Not one of the students has seen the movie Brazil.
Set in post-modern England, Brazil tells the story of a
bureaucratic error screwing up a bureaucrat’s life and his dreams of
escaping. Because no one had
seen it, I was alone in feeling like I was in Brazil when we
visited the HDB Hub. HDB
(Housing and Development Board) is the government agency that constructs,
sells and manages housing for 85% of Singaporeans.
Most own their HDB flats. Some
rent, and there are special financing and rental options for low-income
people. The placement and construction of new blocks (high rise
apartment buildings) is carefully designed by HDB, as is the ethnic and
socio-economic makeup of its residents.
Because everything is managed, no ethnic enclaves or poor ghettos
develop.
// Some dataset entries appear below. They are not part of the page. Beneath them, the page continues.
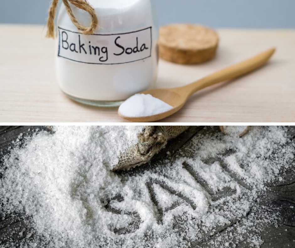 - Trộn đều 1 chén nhỏ baking soda với 2 thìa muối, ½ thìa dầu dừa.
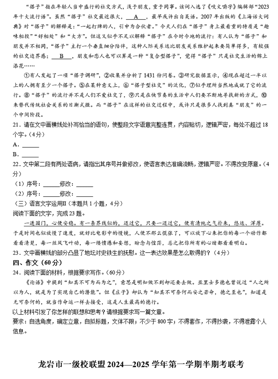 龙岩市一级校联盟2024-2025学年高二上学期11月期中语文考试已于近日开考,为方便考生考后及时查看考试情况,查漏补缺、弥补不足,本文整理了试题答案解析相关信息!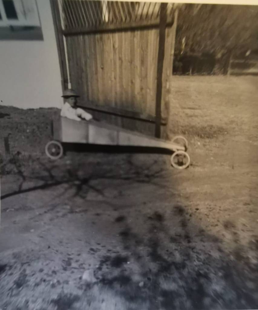 Fluff: Yep, Michael Hastings; I sent the photo to Mom to see if she can identify any others on it. My Dad crashed his kart and came a whopper, apparently had no skin left. He was the moer in when we had our races on the old road, because of the accident he was in. He still owes me a hiding with the kweper lat (quince switch). I bet he is waiting for me in Heaven! But we will just chat about it!!

Block communities
are integrated with transportation facilities (covered walks, taxi stands,
bus stops, access to rail transit) and various kinds of retail.
The old blocks built in the 1960s are ugly.
At that point, the HDB was more concerned with a housing shortage
than with aesthetics. Now,
HDB tries to design aesthetically pleasing and efficient block
communities. As intelligent
as it sounds, the students (and I) were alarmed at the official HDB
presentation. In addition to
providing housing, HDB promotes certain “social objectives” of the
government. For example, they
promote families through the flat application process.
Single adults are only eligible to buy an HDB flat if they are over
35. They want people to live
near their parents and to have children.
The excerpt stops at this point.